Introduction to business problem:- Comparing high Revenue Generating stores with Low revenue generating stores on product categories that have low sales volume with respect to age-group demographics data , we were looking to identify ,which Product categories can be better marketed to the age-specific groups to boost the overall sales in Low and High Revenue generating stores.
Explanation of the problem solution:- By taking mean of the total sales value store wise, we considered stores with SV greater than mean as High performing stores and less than mean as low performing stores.

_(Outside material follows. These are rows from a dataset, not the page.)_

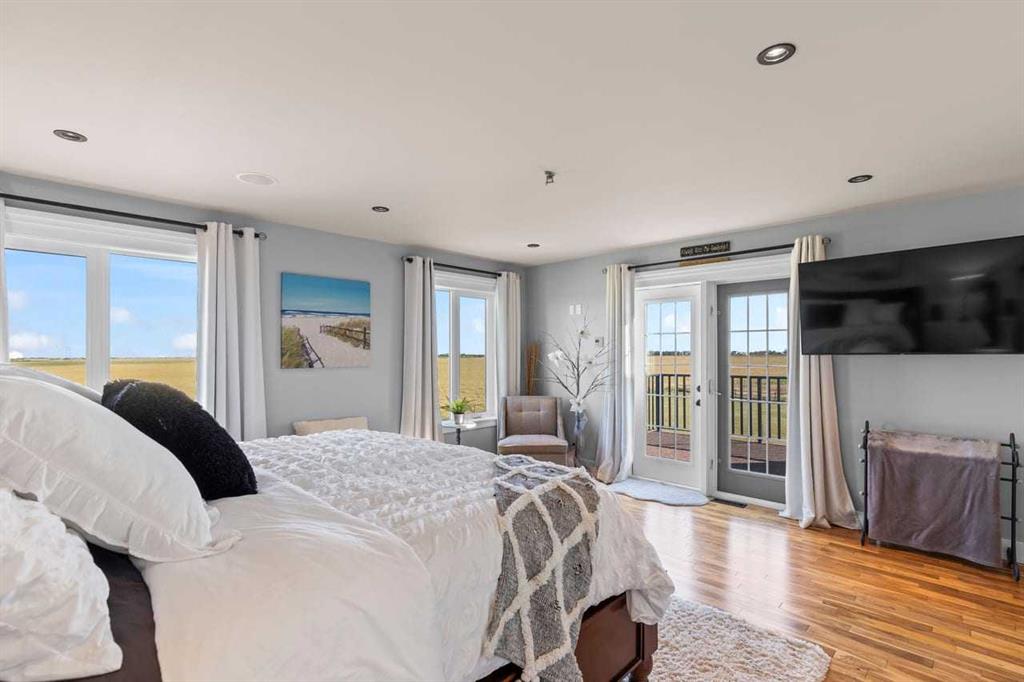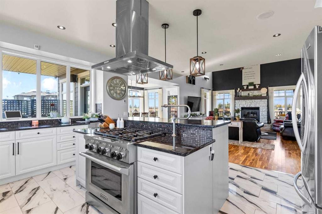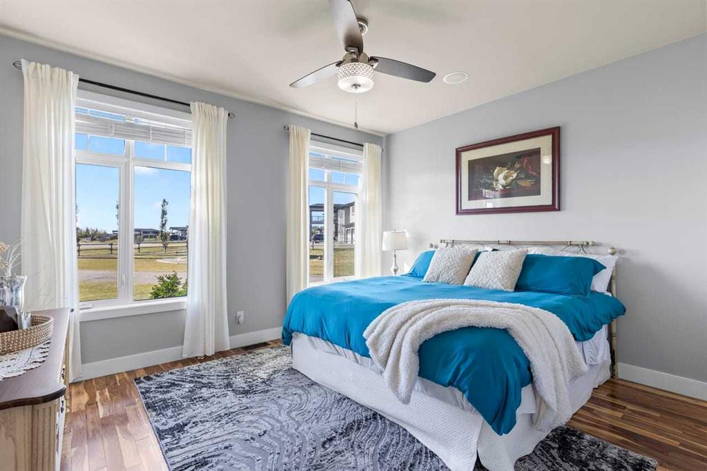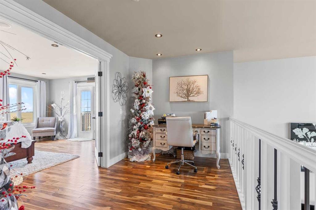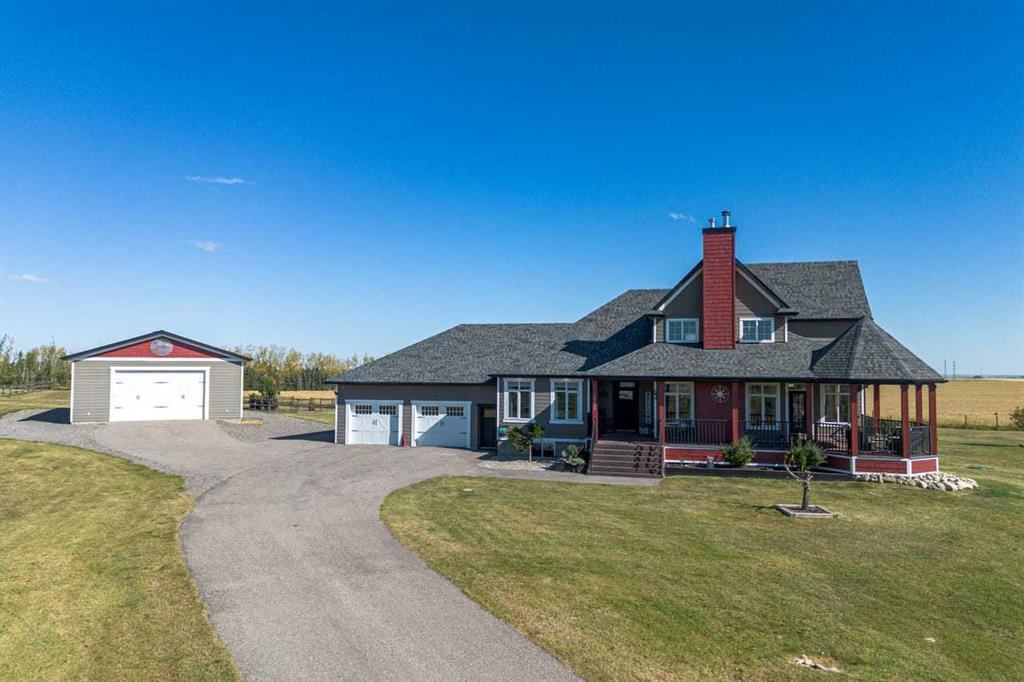 Introducing a stunning executive two-storey home just minutes from Calgary, all on paved roads! Built in 2011, this custom-designed and updated residence offers over 3,700 sq. ft. of beautifully developed living space. Nestled in the prestigious Serenity Estates subdivision, this home sits on a highly sought-after end lot and boasts more than 2.26 acres of titled property. As you step into the main floor, you’ll be greeted by gleaming acacia hardwood floors, impressive 18-foot vaulted ceilings and large, br...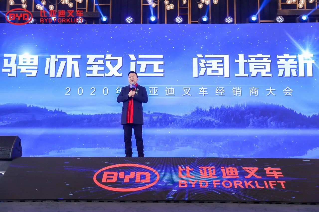 1月6日,以“騁懷致遠(yuǎn),闊境新程”為主題的2020年比亞迪叉車經(jīng)銷商大會在陜西西安隆重召開。比亞迪叉車總經(jīng)理畢國忠先生與事業(yè)部各高層領(lǐng)導(dǎo),以及全國各地的杰出經(jīng)銷商代表、行業(yè)協(xié)會、媒體朋友們歡聚一堂,共同分享喜悅、見證榮耀,展望新能源叉車的未來發(fā)展宏圖。
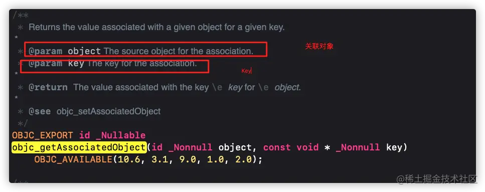 objc_getAssociatedObject- 搜索源码查看入参含义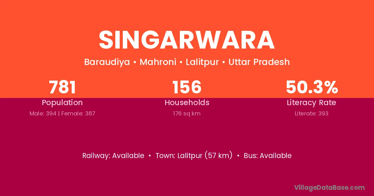 Singarwara village has a total population of 781 people, of which 394 are males and 387 are females.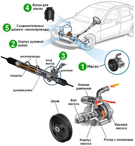 Чтобы разобраться с возможными неисправностями ГУРа вкратце рассмотрим зачем вообще он нужен и какой у него принцип работы.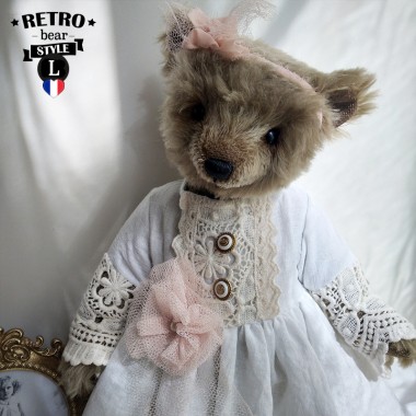 Price €200.00Avec son allure débonnaire, ours Boston a tout pour plaire ! Ce charmant nounours mesure 38 cm environ, il est confectionné main dans un joli mohair Steiff Schulte couleur sable. Boston porte un gros nœud papillon en lainage pour un style délicieusement rétro, et un chandail écru tricoté main, fermé par 2 boutons en bois. Boston porte sa clé au cou, au bout d'une chaine. La clé du coffre de la banque peut-être !! Cet ours est rembourré avec des copeaux de bois et des billes minérales pour son lestage, ses jolis yeux mordorés sont en verre, le museau brodé et lustré à la cire d'abeilles. Boston est une pièce unique ! Livré avec son certificat d'authenticité.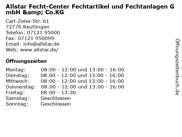 Branchen & Suchbegriffe zu Allstar Fecht-Center Fechtartikel und Fechtanlagen GmbH & Co.KG:allstar, center, co, co.kg, einzelhandel, fecht, fechtanlagen, fechtartikel, sportartikel |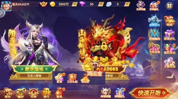 【深度养成系统】 支持武器锻造、神秘抽奖、每日低保等玩法,万倍捕鱼刺激不断,金币奖励拿到手软。
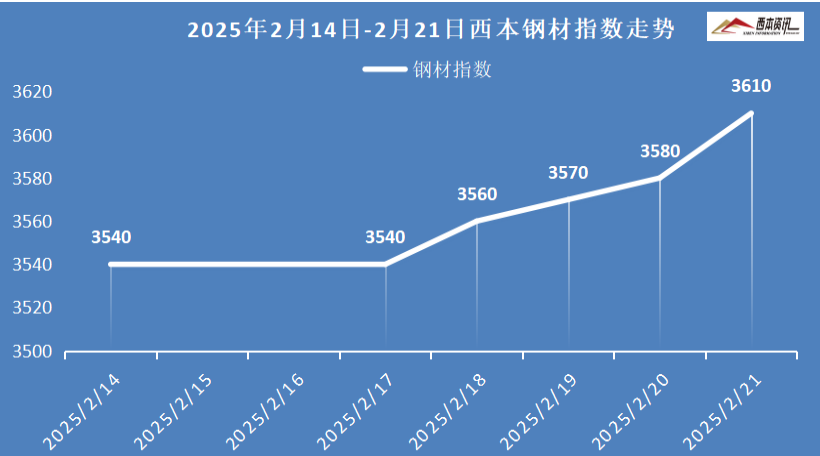 本周国内建筑钢材行情接连推高,截至2月21日,西本指数报在3610,周环比上涨70。
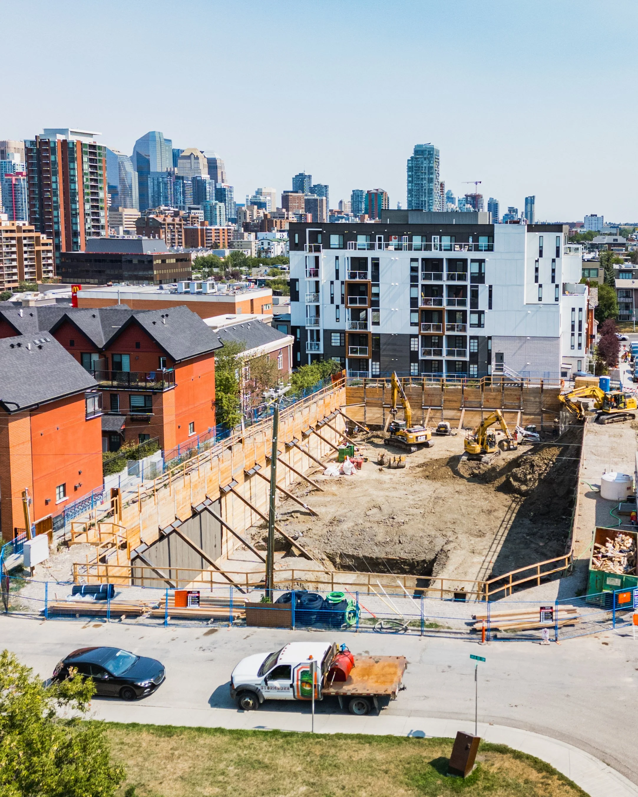 R.S. Foundation Systems Ltd. was awarded the shoring scope for The Theo development in Kelowna, which included a 7.6-meter excavation supported by 301 secant piles, 92 ground anchors, and several large corner braces and rakers. After award, RSFS collaborated with the client to optimize the shoring design, significantly reducing overall costs and ensuring the project remained within budget. The project was completed successfully, both on time and on budget.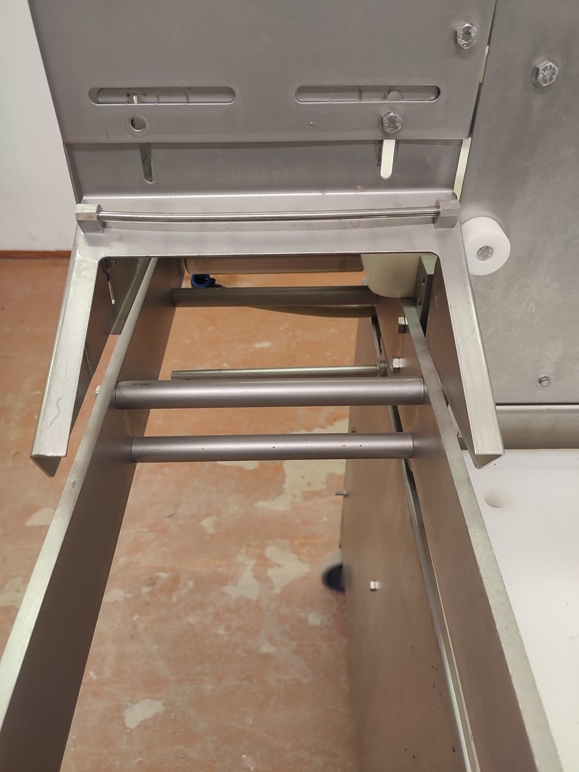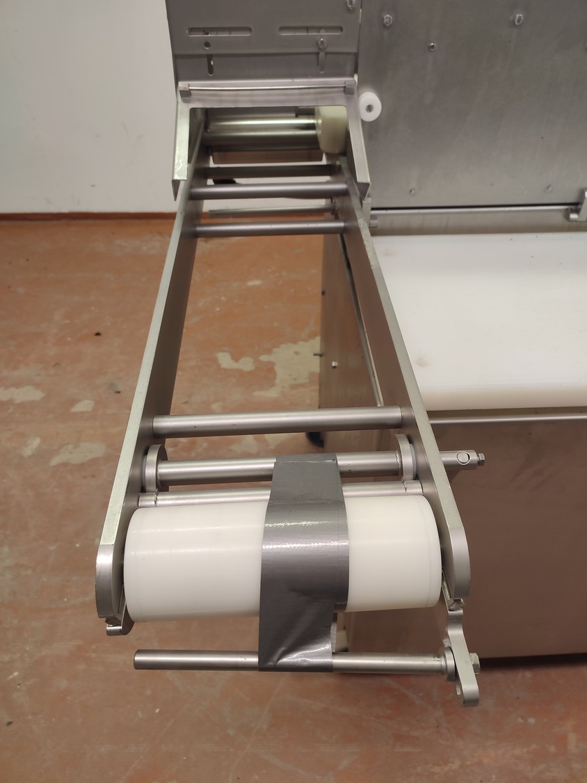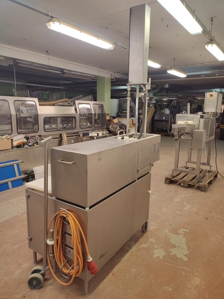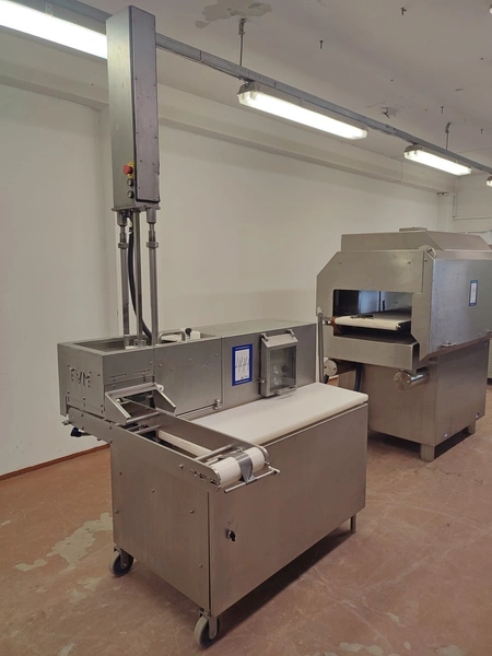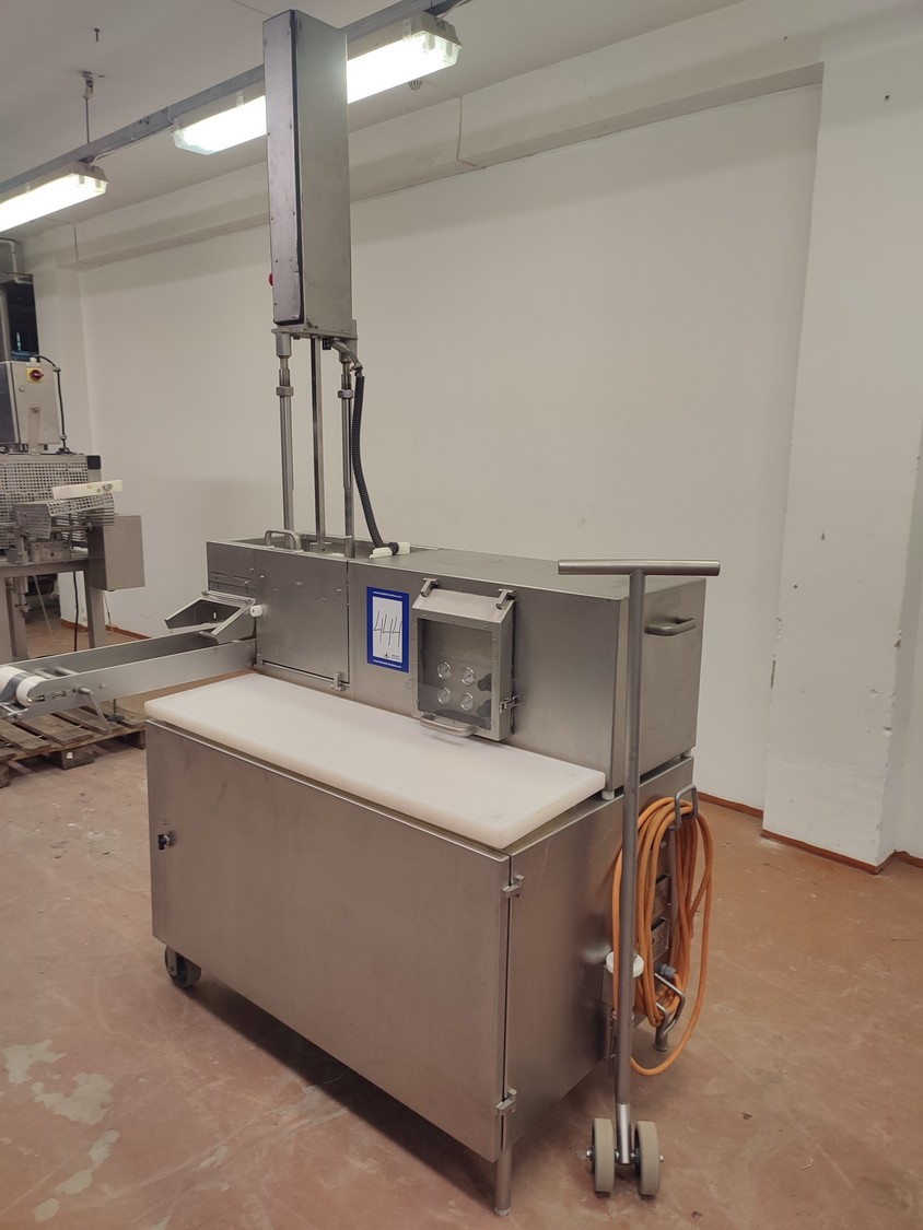 TVM mobile portioning machine, type: TVM Portio 4000, serial number: 03-01.26983 231, year of construction: 2001, 400 V, 3 Ph, 50 Hz, 2.5 A, 4-8 bar, 380 kg, dimensions: 1660 mm x 1070 mm x 2510 mm. Incomplete, missing mould and outfeed belt.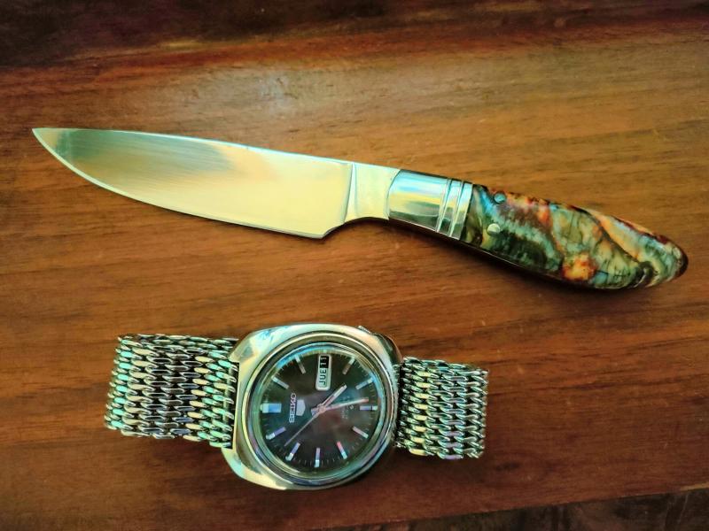 El reloj poca explicación tiene. El cuchillo es uno de esos de "gentelmen" de Fermosos Fierros inox con muela de mamut estabilizado, cuando lo saco en un restaurante me miran mu raro.....pero todo el mundo pregunta

Adding onto it, we find the product categories that generate most and least sales combining with the age group demographics data to identify which age group is responsible for the sales
Proposed Solution:- From the above analysis we could come up with varied suggestions on least selling product categories in the stores by targeting specific age groups by running age-specific campaigns / discounts to boost the overall sales.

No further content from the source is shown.